Given a plane with each point colored one of k colors, show there is a rectangle whose vertices are all of the same color, whose axes are parallel to the x- and y- axes

A solution to this problem is to consider points in $\{0, 1, \ldots, k\} \times \{0, \ldots, \frac{k^2(k+1)}{2}\}$. From each row $\{0, \ldots, k\} \times \{j\}$ pick a pair $(a_j, j), (b_j,j)$, with $a_j, of points that are of the same color, which must exist by pigeonholing. Since there are only $\frac{k(k+1)}{2}$ possible choices for $(a_j,b_j)$, for some pair $(a,b)$ there are at least $k+1$ values of $j$ such that $(a,b)=(a_j,b_j)$. Since there are $k$ colors, some pair $(j_1,j_2)$ of distinct values of $j$ among these have $(a,j_1)$ and $(a,j_2)$ of the same color, and the desired rectangle has vertex set $\{a,b\} \times \{j_1, j_2\}$.

This actually proves something stronger, namely that there is a set of $\frac{k^4}{2}+k^3+\frac{k^2}{2}+k+1$ points that must contain vertices of a rectangle, oriented with the coordinate axes, which are all of the same color. It's also pretty clear that the $\frac{k^2(k+1)}{2}$ can't be improved upon with this method.
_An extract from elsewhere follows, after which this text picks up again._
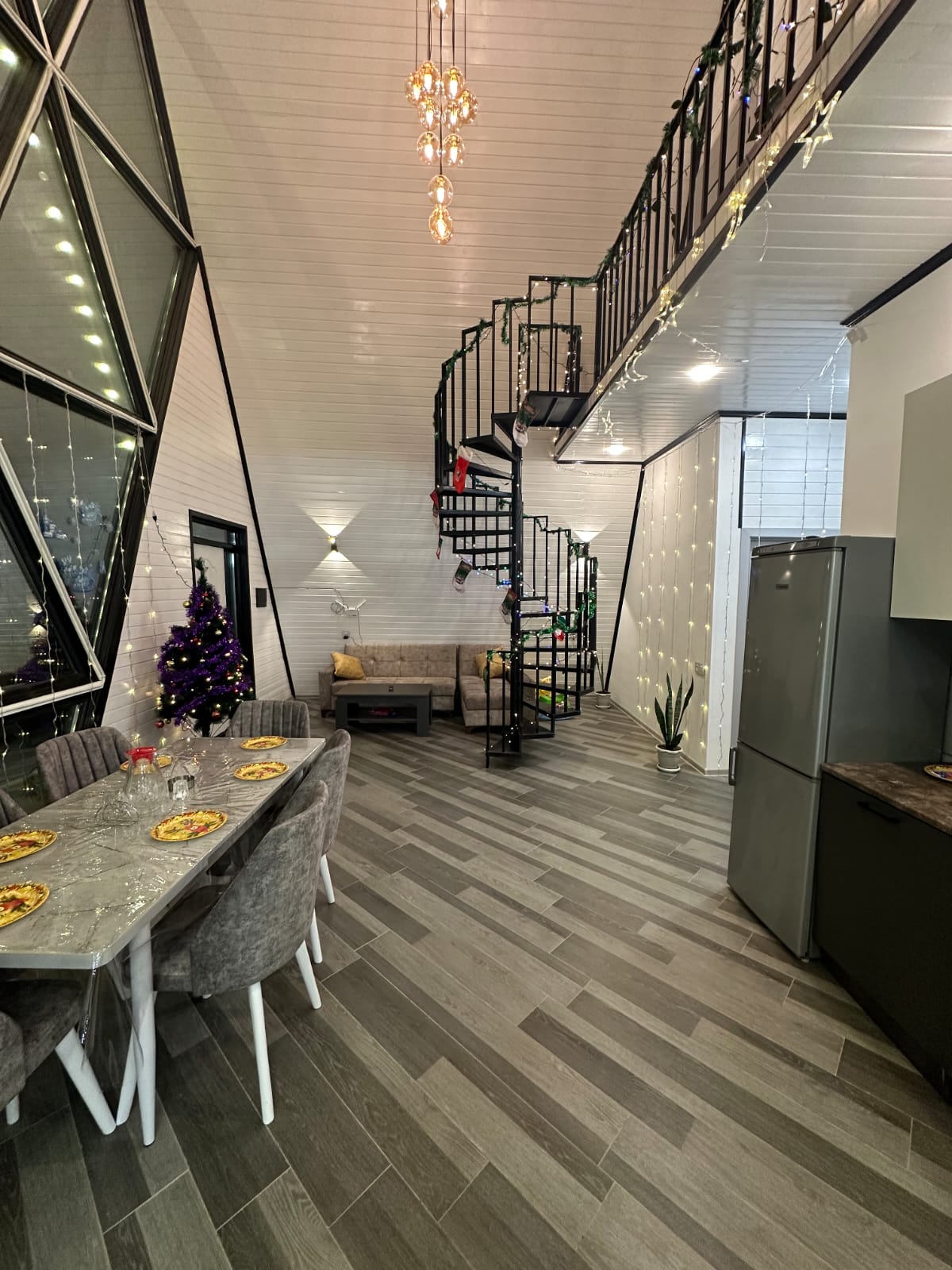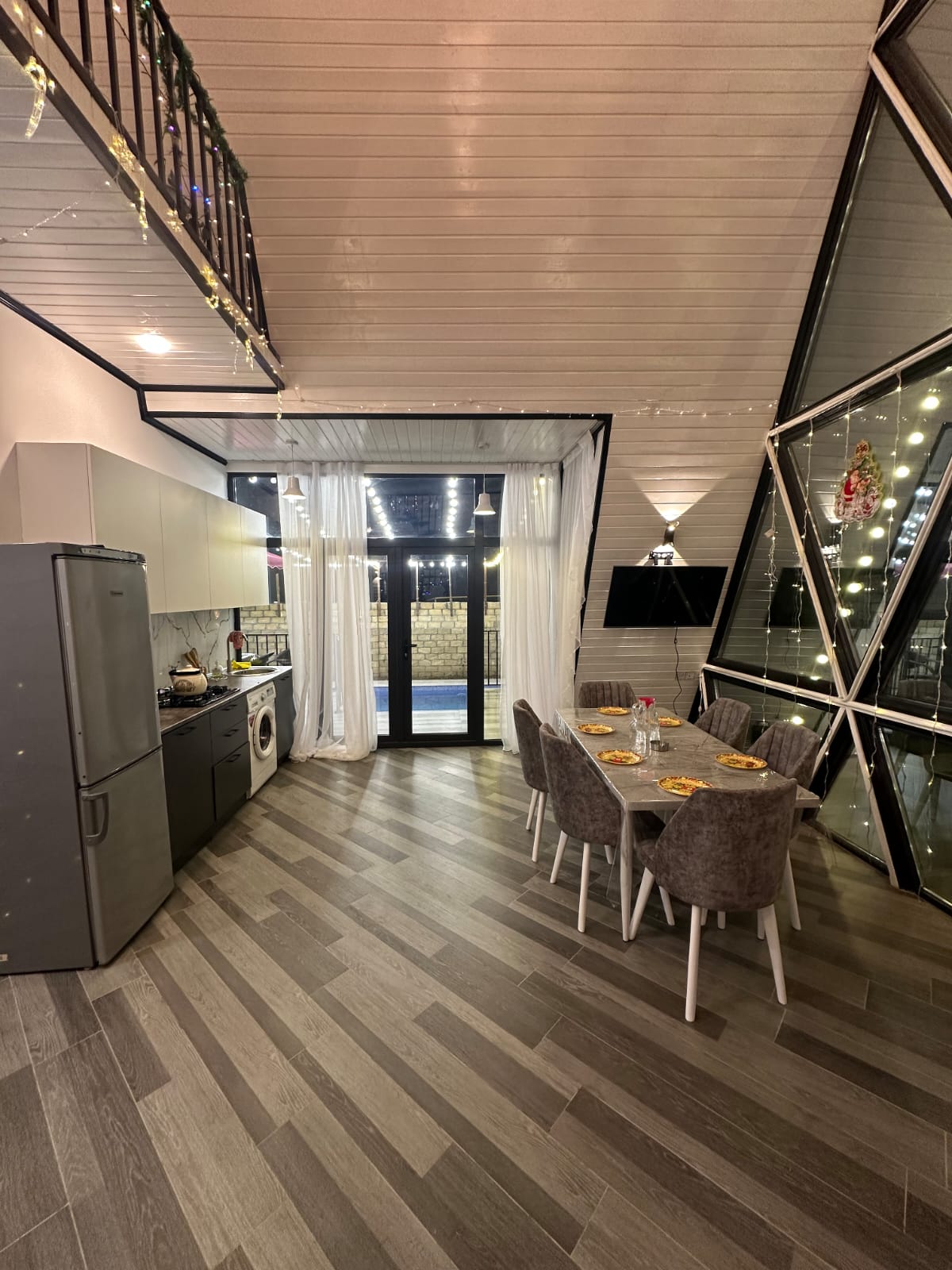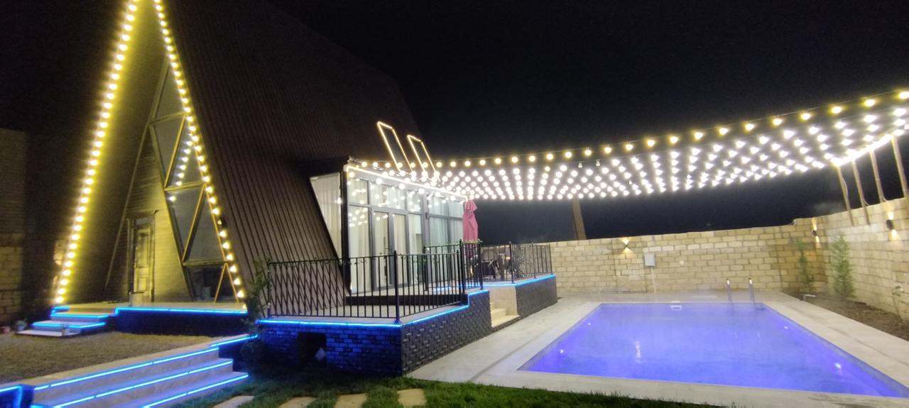 Qəbələ rayonu, Vəndam qəsəbəsi, məşhur 7 Gözəl Şəlaləsinin yaxınlığında yerləşən 2 mərtəbəli, 3 yataq otağı, 2 sanuzel və 1 studya-mətbəxdən ibarət, 9metre uzunu 3 metrə eni olan filterli ISTI HOVUZ LUX A-FRAME günlük kirayə verilir. 9 nəfər rahatlıqla qala bilər. A-FRAME ərazi baxımından bütün infrastrukturlara və istirahət mərkəzlərinə yaxındır. Müştərilərimizin məmnuniyyəti və yüksək səviyyədə istirahət etməsi üçün Smart TV, yüksək sürətli internet, masa üstü oyunlar, masa+stullar+çətir ,evdə istifadə üçün lazıması bütün avadanlıqlar və əşyalar, somavar, manqal+şişlər var. Onuda qeyd edim ki, balaca qonaqlarımız üçündə ayrıca bir uşaq əyləncə guşəsi mövcuddur. Otaqlar və pastellər qonaq çıxdıqdan dərhal sonra növbəti qonaq daxil olanacan mütəmadi olaraq təmizlənir. Həftəsonu qiymətləri fərqlidir. Təbiətin qoynunda, gözəl dağ mənzərəli bu A-Frame-də Sizində xoş xatirələriniz olsun...

On the other hand, the method seems inefficient, at least for large k. So my question is: Can one do better than $O(k^4)$? More explicitly, do there exist sets, of size $o(k^4)$, such that for any coloring of the plane with $k$ colors, the $k$-th such set must contain the vertices, all of the same color, of a rectangle whose sides are parallel to the coordinate axes? And if so, what is the best (known) number of points.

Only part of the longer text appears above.